BEGIN
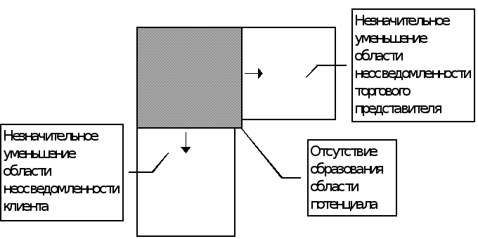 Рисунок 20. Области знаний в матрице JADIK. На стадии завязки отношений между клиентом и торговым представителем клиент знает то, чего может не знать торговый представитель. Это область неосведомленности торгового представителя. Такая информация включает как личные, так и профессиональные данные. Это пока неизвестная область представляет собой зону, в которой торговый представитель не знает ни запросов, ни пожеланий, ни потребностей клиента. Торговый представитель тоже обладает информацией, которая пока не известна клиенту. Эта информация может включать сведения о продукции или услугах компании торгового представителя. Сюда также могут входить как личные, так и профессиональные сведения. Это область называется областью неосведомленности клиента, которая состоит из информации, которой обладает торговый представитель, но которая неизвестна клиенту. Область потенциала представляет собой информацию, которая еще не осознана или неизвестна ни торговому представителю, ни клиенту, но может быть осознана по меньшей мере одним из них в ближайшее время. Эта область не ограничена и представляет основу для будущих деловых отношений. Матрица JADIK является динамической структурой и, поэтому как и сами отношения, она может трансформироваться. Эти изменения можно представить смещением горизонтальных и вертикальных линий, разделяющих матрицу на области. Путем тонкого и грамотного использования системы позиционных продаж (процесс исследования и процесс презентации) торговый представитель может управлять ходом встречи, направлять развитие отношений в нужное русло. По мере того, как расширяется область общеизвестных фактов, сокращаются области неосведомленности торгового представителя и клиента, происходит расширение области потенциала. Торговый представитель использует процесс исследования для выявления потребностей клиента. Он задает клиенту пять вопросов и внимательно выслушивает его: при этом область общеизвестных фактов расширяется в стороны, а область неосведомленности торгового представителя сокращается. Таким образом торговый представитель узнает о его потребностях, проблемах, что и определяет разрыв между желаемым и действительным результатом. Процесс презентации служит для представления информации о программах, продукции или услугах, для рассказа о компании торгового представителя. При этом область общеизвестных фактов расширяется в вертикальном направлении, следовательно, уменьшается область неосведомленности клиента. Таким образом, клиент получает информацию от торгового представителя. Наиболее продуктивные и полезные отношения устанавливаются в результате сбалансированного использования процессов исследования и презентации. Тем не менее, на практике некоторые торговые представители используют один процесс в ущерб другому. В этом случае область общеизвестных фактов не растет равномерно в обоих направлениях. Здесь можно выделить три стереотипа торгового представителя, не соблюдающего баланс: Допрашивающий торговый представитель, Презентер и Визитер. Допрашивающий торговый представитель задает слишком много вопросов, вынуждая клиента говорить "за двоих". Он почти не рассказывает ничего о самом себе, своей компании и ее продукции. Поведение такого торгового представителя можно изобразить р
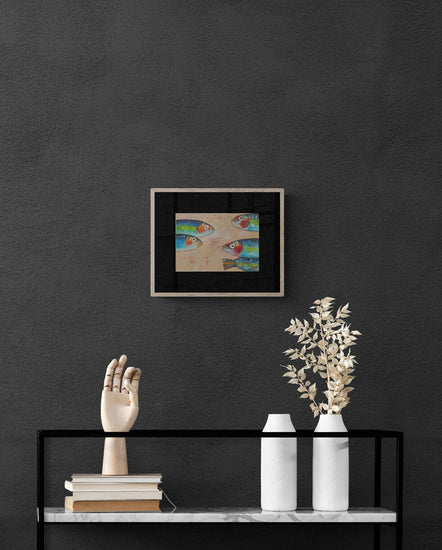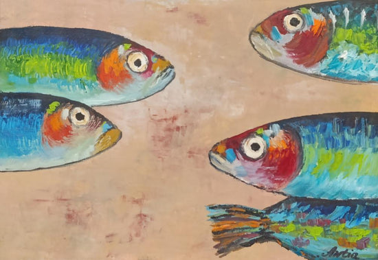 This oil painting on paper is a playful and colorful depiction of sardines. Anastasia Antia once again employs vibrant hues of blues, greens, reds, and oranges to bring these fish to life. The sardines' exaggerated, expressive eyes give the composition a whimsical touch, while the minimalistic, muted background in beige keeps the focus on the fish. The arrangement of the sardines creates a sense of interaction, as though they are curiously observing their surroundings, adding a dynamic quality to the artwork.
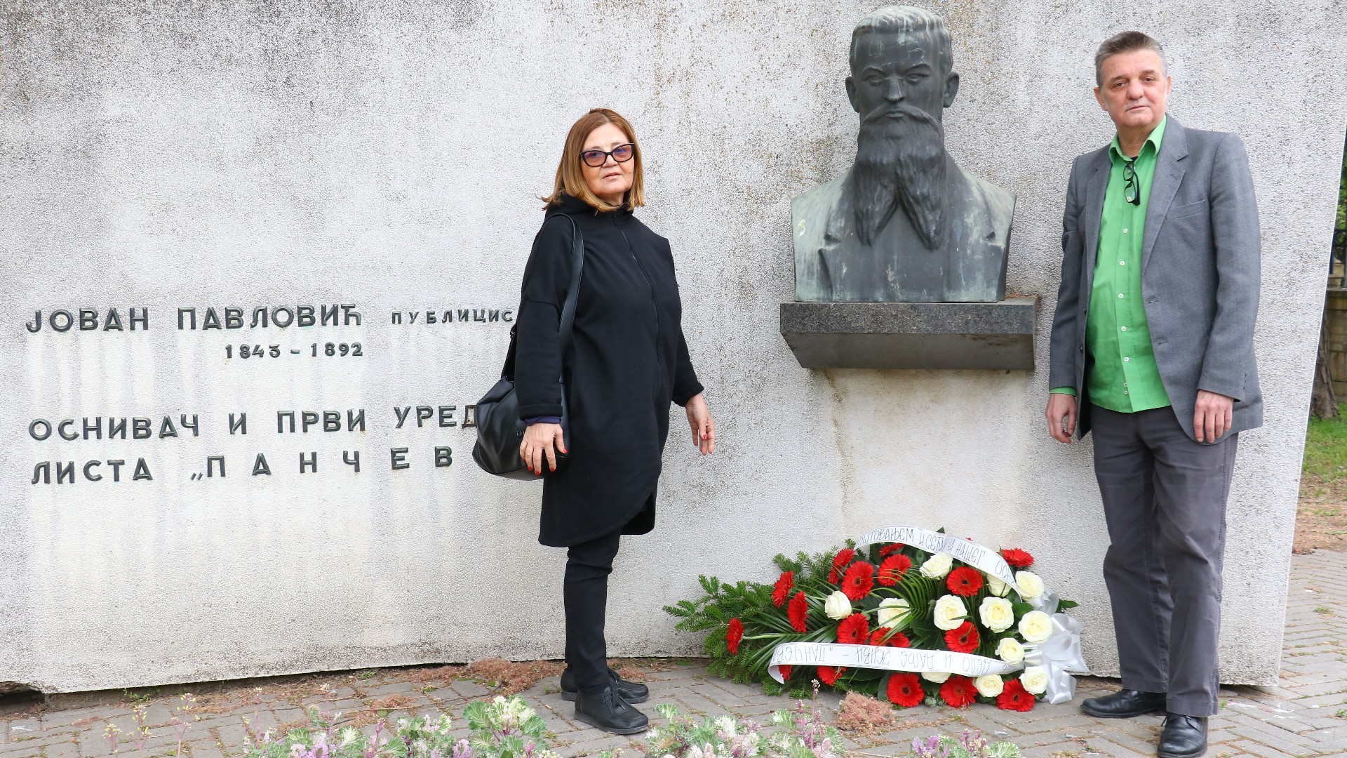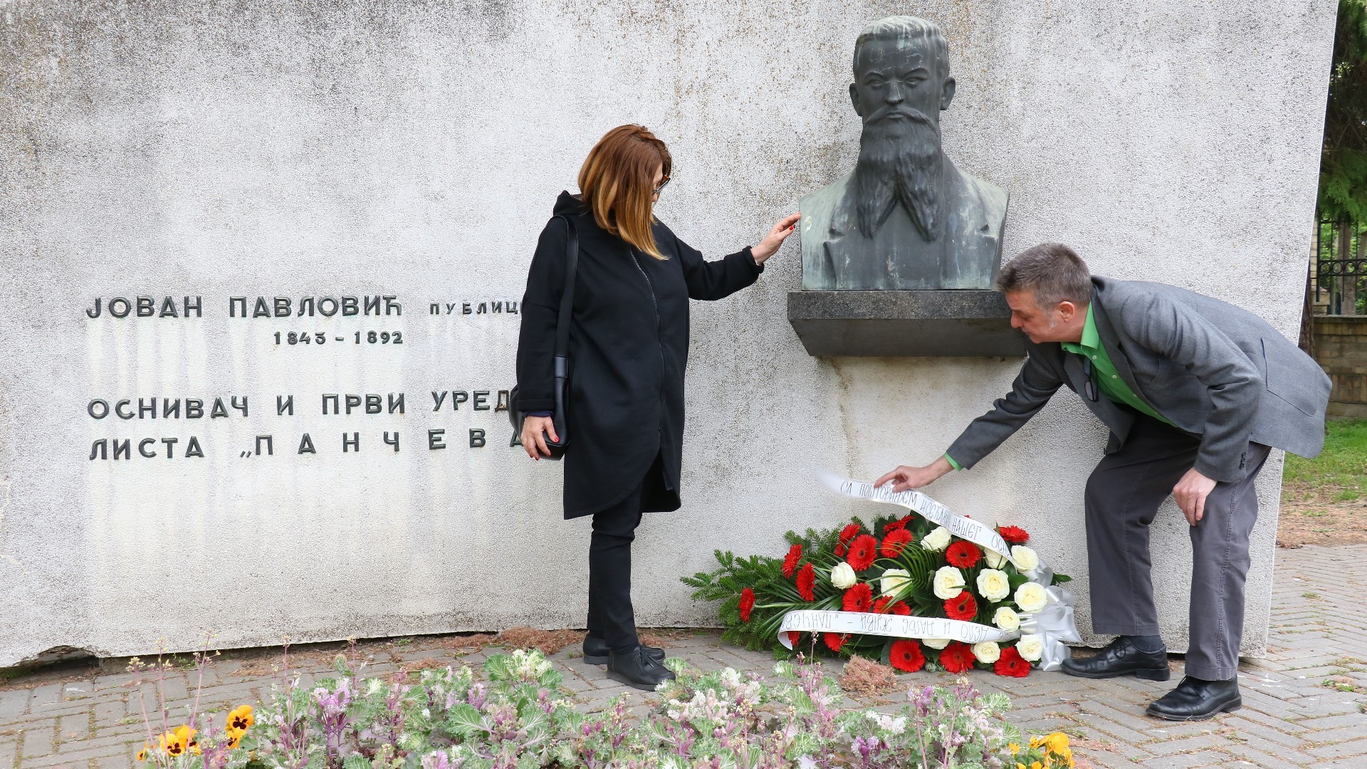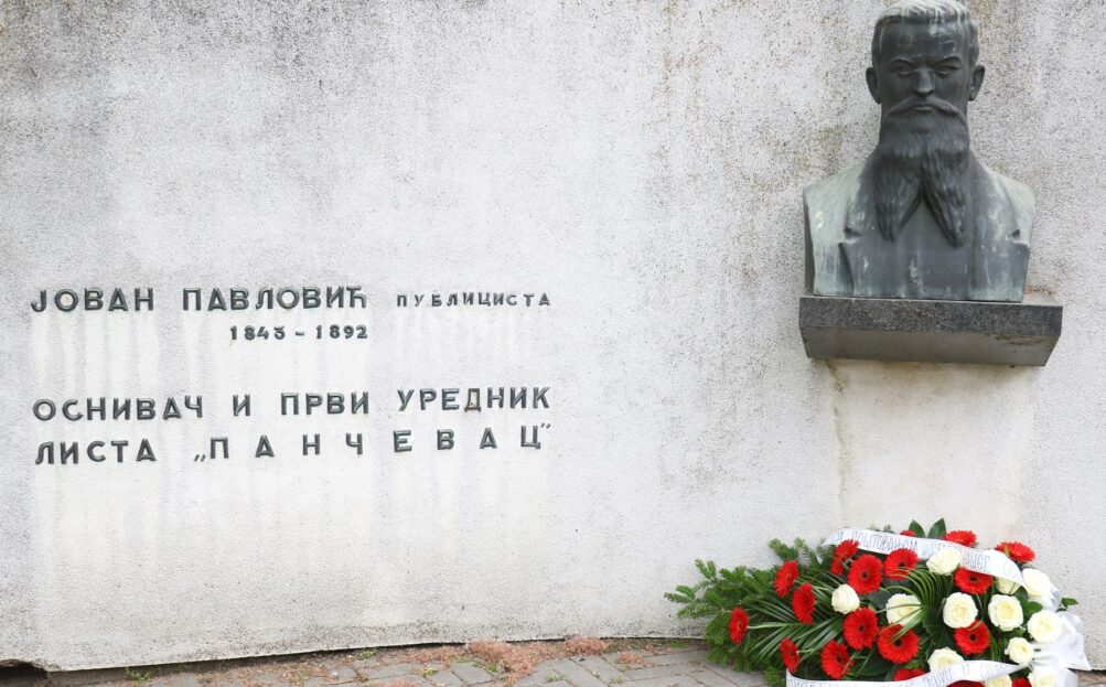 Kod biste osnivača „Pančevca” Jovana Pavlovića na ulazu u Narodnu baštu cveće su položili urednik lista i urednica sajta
END
BEGIN
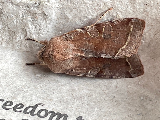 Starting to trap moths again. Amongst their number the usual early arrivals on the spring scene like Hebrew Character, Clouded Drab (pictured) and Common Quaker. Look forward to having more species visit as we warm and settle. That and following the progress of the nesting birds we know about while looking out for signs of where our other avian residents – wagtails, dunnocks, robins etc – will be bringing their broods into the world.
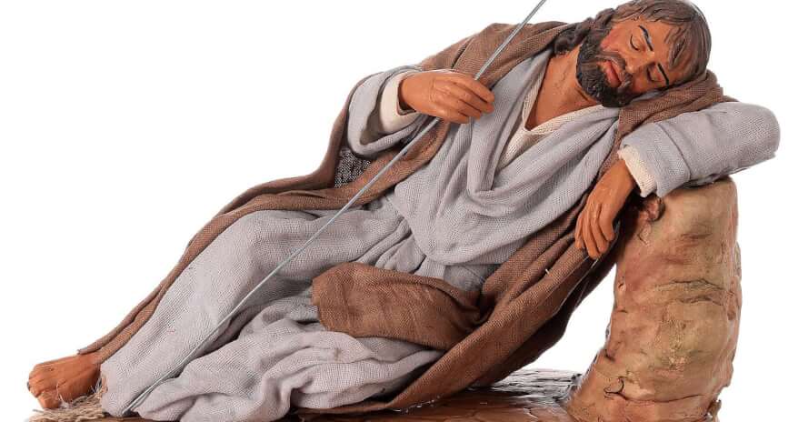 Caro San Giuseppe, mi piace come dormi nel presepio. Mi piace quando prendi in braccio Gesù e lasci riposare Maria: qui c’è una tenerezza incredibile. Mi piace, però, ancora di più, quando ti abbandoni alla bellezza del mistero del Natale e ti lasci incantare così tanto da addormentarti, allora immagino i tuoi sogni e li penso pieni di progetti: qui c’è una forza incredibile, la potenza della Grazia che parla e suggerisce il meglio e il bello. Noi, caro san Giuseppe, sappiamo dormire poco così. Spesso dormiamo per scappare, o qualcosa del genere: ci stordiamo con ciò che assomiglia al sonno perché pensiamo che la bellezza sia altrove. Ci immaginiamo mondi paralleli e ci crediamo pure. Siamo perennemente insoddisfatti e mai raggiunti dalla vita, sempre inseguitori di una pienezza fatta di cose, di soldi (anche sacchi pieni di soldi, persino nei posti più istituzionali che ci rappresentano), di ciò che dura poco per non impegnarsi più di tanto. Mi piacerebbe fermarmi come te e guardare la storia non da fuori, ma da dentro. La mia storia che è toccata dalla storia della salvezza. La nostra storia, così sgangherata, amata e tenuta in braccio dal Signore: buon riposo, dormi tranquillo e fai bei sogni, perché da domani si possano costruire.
END
The result should be an exact copy of only the lines above from the one that holds "This oil painting" through the one that holds "Kod biste osnivača", both ends included, without pictures.

→ **Answer space**:
 This oil painting on paper is a playful and colorful depiction of sardines. Anastasia Antia once again employs vibrant hues of blues, greens, reds, and oranges to bring these fish to life. The sardines' exaggerated, expressive eyes give the composition a whimsical touch, while the minimalistic, muted background in beige keeps the focus on the fish. The arrangement of the sardines creates a sense of interaction, as though they are curiously observing their surroundings, adding a dynamic quality to the artwork.
 Kod biste osnivača „Pančevca” Jovana Pavlovića na ulazu u Narodnu baštu cveće su položili urednik lista i urednica sajta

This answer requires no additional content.